__PROBLEM__: Strip out all images, then restate the data verbatim.

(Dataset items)
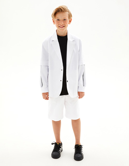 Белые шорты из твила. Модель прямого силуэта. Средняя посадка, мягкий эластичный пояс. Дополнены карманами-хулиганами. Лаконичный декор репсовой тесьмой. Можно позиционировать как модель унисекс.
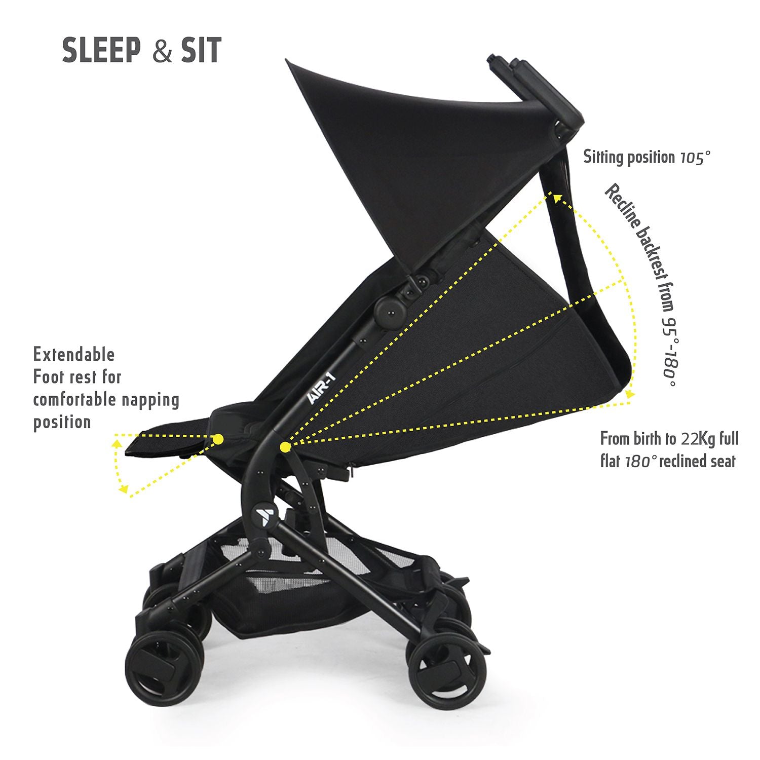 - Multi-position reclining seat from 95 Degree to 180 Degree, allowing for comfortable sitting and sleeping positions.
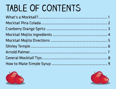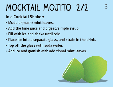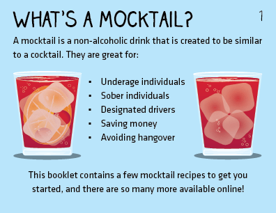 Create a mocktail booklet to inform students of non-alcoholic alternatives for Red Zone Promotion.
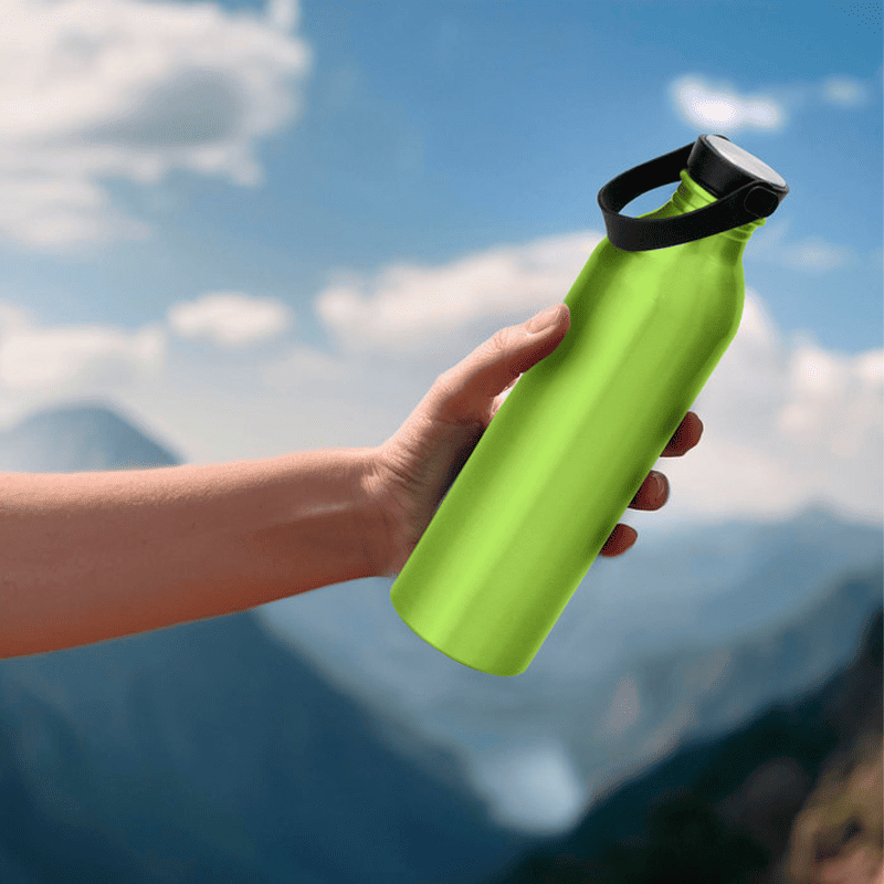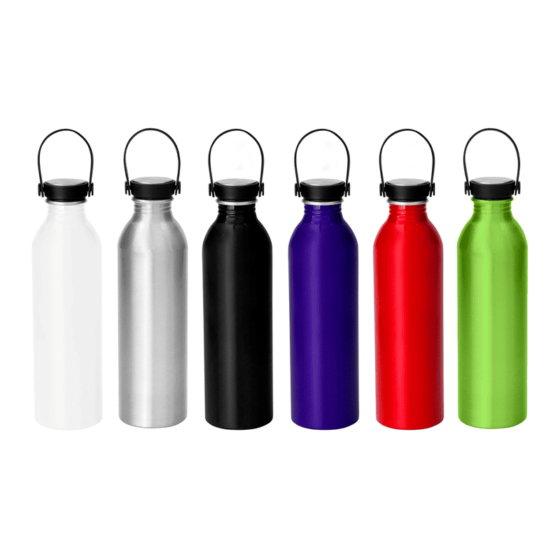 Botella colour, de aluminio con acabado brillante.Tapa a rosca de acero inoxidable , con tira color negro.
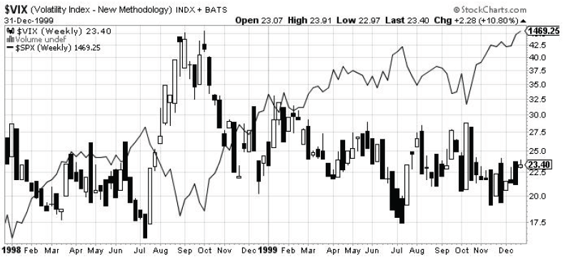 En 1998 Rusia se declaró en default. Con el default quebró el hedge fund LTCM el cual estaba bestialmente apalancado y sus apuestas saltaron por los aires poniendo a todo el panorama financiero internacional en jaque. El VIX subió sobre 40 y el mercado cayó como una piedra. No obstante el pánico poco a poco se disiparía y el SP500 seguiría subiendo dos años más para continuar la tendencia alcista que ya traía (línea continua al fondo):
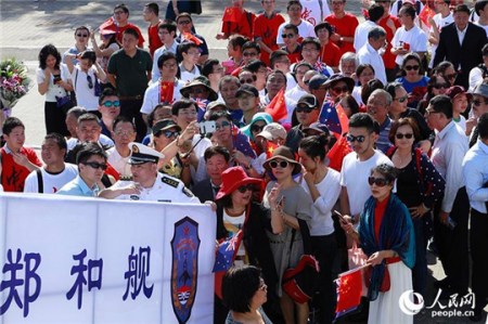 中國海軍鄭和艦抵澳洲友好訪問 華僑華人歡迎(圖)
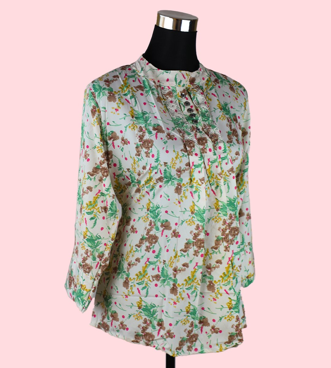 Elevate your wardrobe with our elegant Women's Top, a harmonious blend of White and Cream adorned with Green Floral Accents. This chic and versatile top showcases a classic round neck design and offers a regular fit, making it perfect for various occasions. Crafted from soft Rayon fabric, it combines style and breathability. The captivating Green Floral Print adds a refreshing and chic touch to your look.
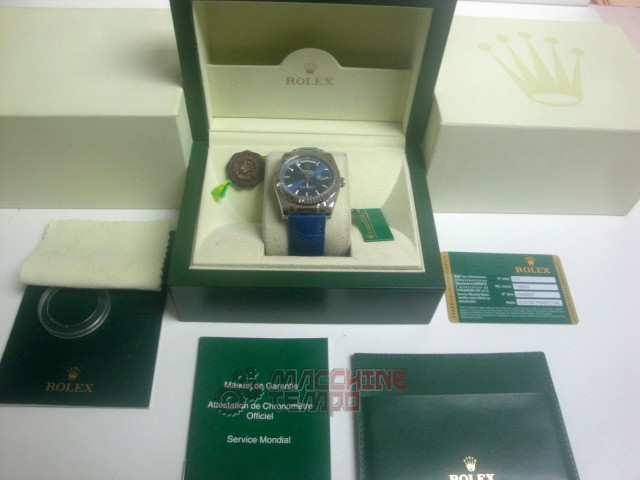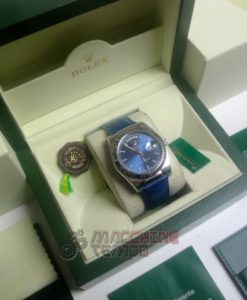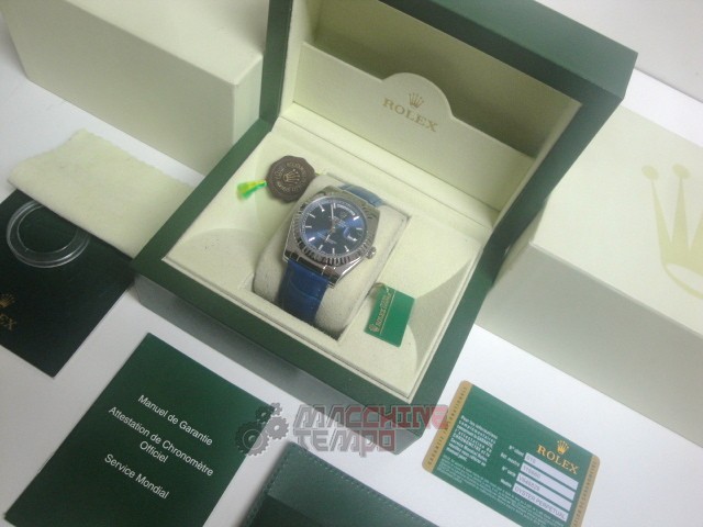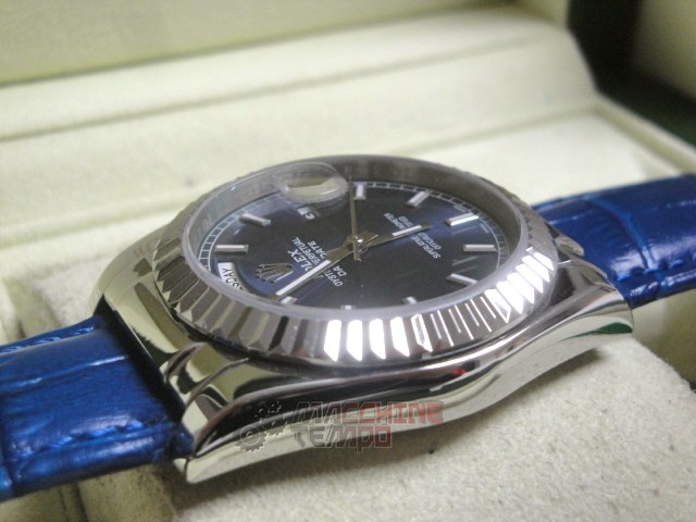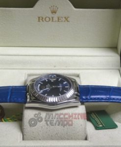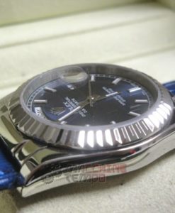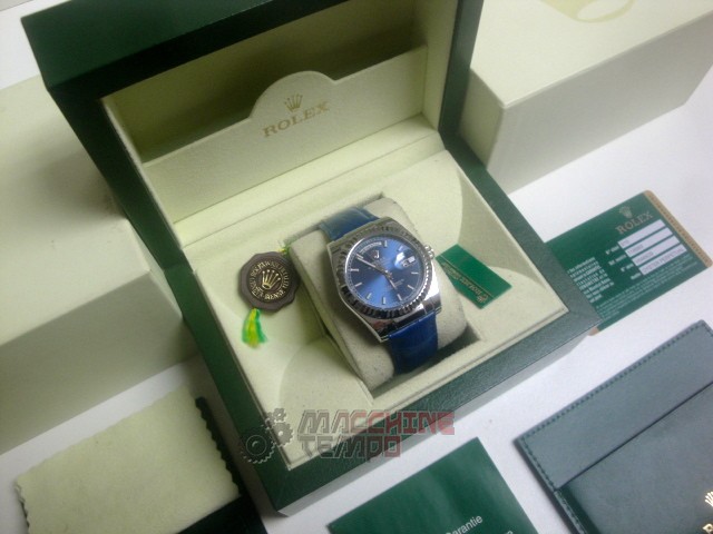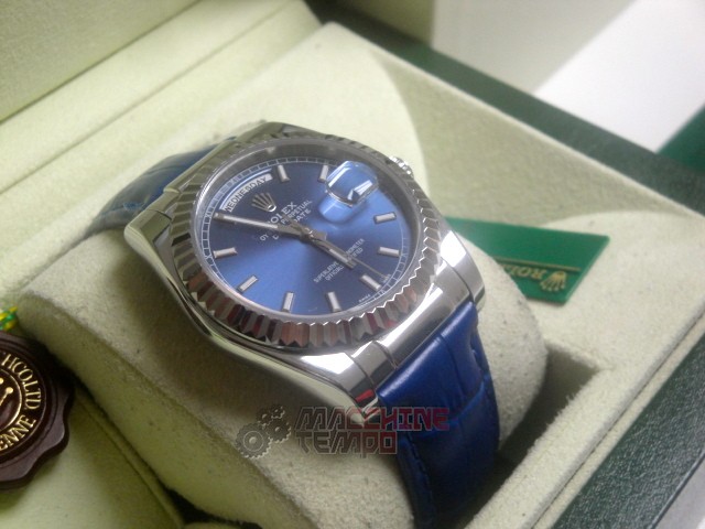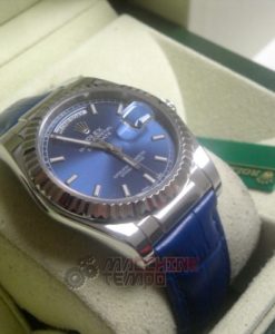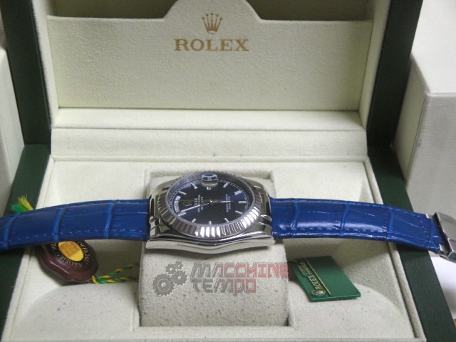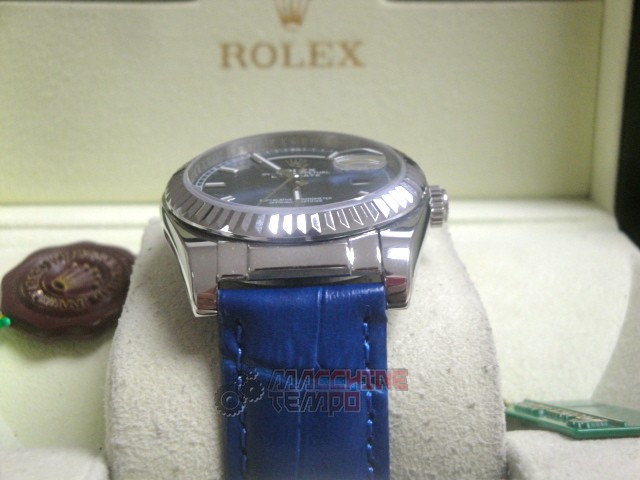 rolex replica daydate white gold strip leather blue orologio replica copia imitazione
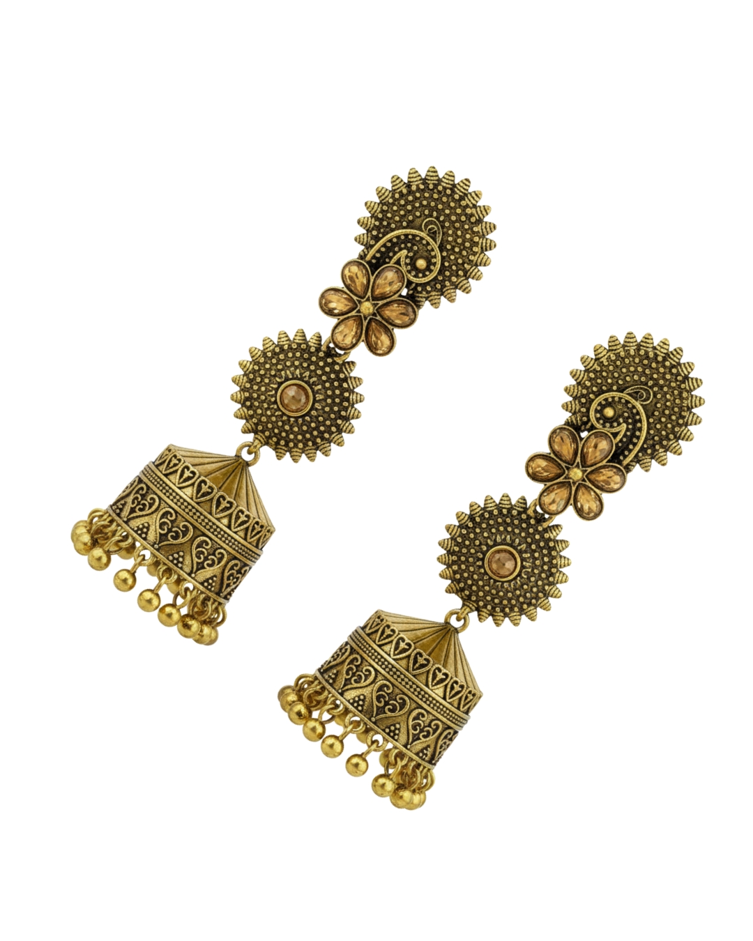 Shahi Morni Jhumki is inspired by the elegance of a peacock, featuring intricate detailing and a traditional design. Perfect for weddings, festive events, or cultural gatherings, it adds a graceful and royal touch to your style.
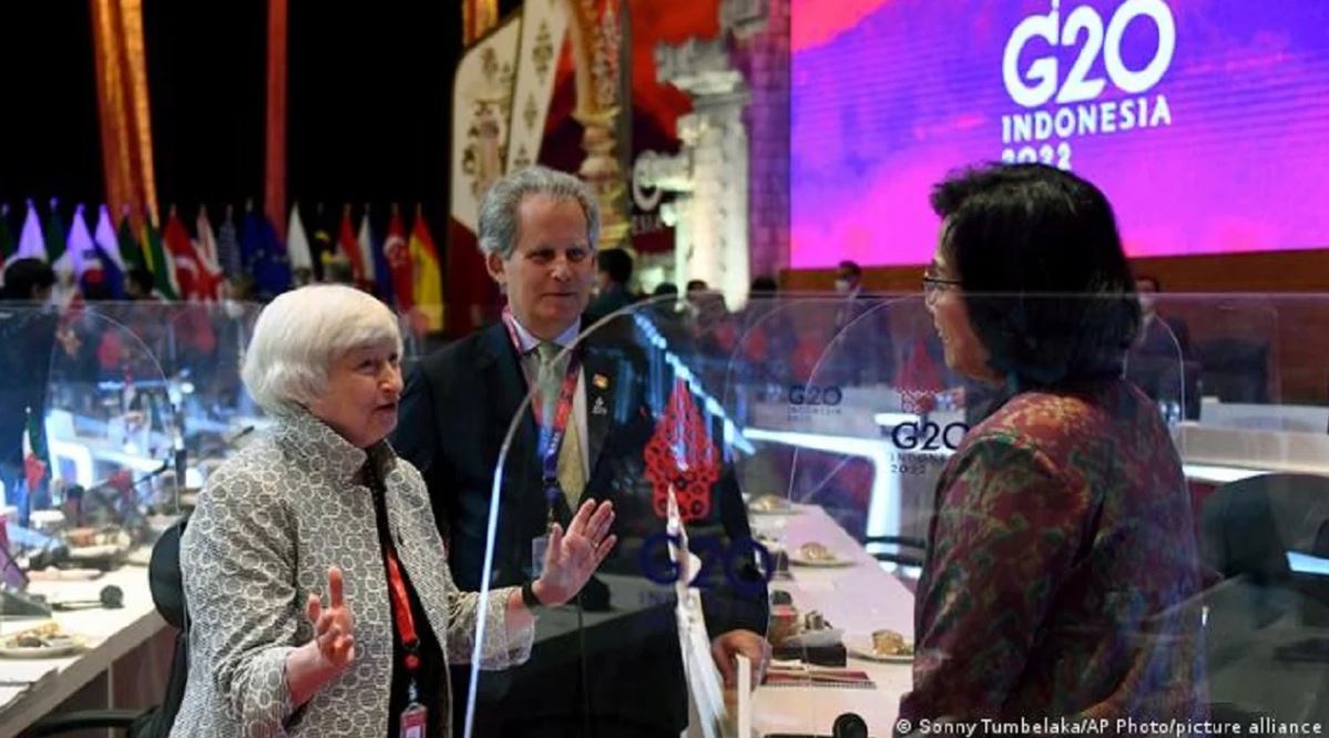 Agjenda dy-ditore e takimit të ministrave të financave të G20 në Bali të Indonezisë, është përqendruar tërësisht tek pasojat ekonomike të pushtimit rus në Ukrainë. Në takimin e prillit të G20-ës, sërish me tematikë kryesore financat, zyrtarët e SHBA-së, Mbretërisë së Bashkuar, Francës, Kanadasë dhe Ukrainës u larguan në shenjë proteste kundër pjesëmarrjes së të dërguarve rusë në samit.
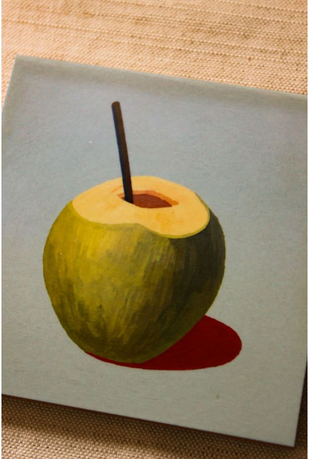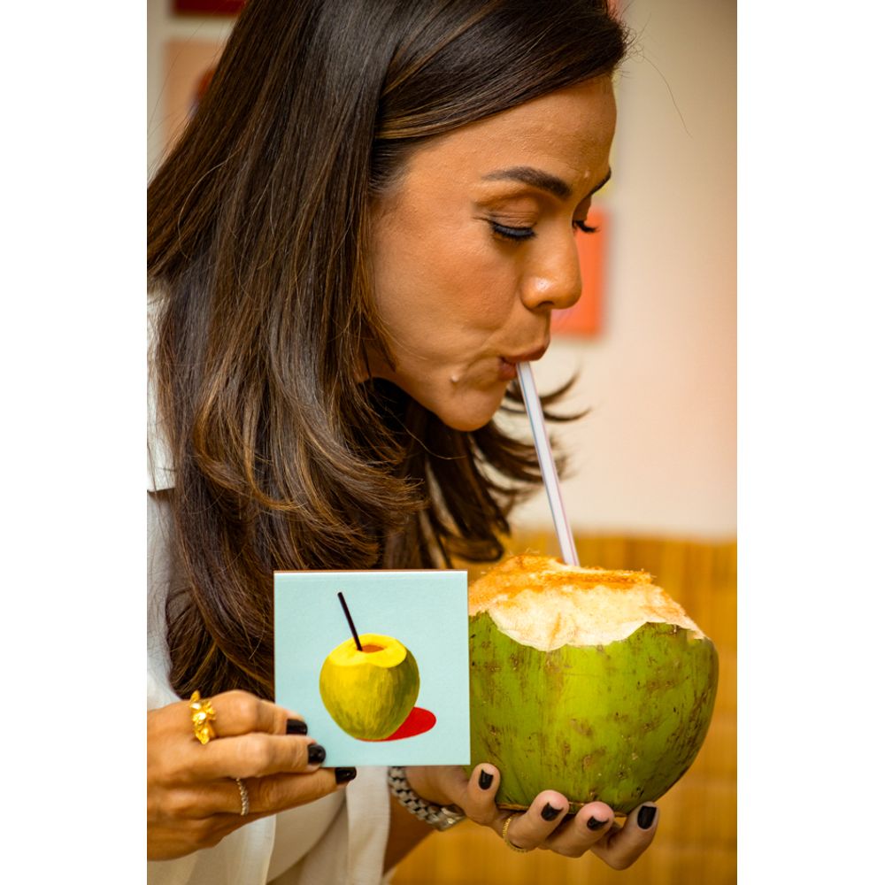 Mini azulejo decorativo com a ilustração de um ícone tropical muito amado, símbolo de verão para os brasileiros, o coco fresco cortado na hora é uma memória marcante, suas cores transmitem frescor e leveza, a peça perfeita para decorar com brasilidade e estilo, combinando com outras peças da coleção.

__EXERCISE OUTPUT__:
 Белые шорты из твила. Модель прямого силуэта. Средняя посадка, мягкий эластичный пояс. Дополнены карманами-хулиганами. Лаконичный декор репсовой тесьмой. Можно позиционировать как модель унисекс.
 - Multi-position reclining seat from 95 Degree to 180 Degree, allowing for comfortable sitting and sleeping positions.
 Create a mocktail booklet to inform students of non-alcoholic alternatives for Red Zone Promotion.
 Botella colour, de aluminio con acabado brillante.Tapa a rosca de acero inoxidable , con tira color negro.
 En 1998 Rusia se declaró en default. Con el default quebró el hedge fund LTCM el cual estaba bestialmente apalancado y sus apuestas saltaron por los aires poniendo a todo el panorama financiero internacional en jaque. El VIX subió sobre 40 y el mercado cayó como una piedra. No obstante el pánico poco a poco se disiparía y el SP500 seguiría subiendo dos años más para continuar la tendencia alcista que ya traía (línea continua al fondo):
 中國海軍鄭和艦抵澳洲友好訪問 華僑華人歡迎(圖)
 Elevate your wardrobe with our elegant Women's Top, a harmonious blend of White and Cream adorned with Green Floral Accents. This chic and versatile top showcases a classic round neck design and offers a regular fit, making it perfect for various occasions. Crafted from soft Rayon fabric, it combines style and breathability. The captivating Green Floral Print adds a refreshing and chic touch to your look.
 rolex replica daydate white gold strip leather blue orologio replica copia imitazione
 Shahi Morni Jhumki is inspired by the elegance of a peacock, featuring intricate detailing and a traditional design. Perfect for weddings, festive events, or cultural gatherings, it adds a graceful and royal touch to your style.
 Agjenda dy-ditore e takimit të ministrave të financave të G20 në Bali të Indonezisë, është përqendruar tërësisht tek pasojat ekonomike të pushtimit rus në Ukrainë. Në takimin e prillit të G20-ës, sërish me tematikë kryesore financat, zyrtarët e SHBA-së, Mbretërisë së Bashkuar, Francës, Kanadasë dhe Ukrainës u larguan në shenjë proteste kundër pjesëmarrjes së të dërguarve rusë në samit.
 Mini azulejo decorativo com a ilustração de um ícone tropical muito amado, símbolo de verão para os brasileiros, o coco fresco cortado na hora é uma memória marcante, suas cores transmitem frescor e leveza, a peça perfeita para decorar com brasilidade e estilo, combinando com outras peças da coleção.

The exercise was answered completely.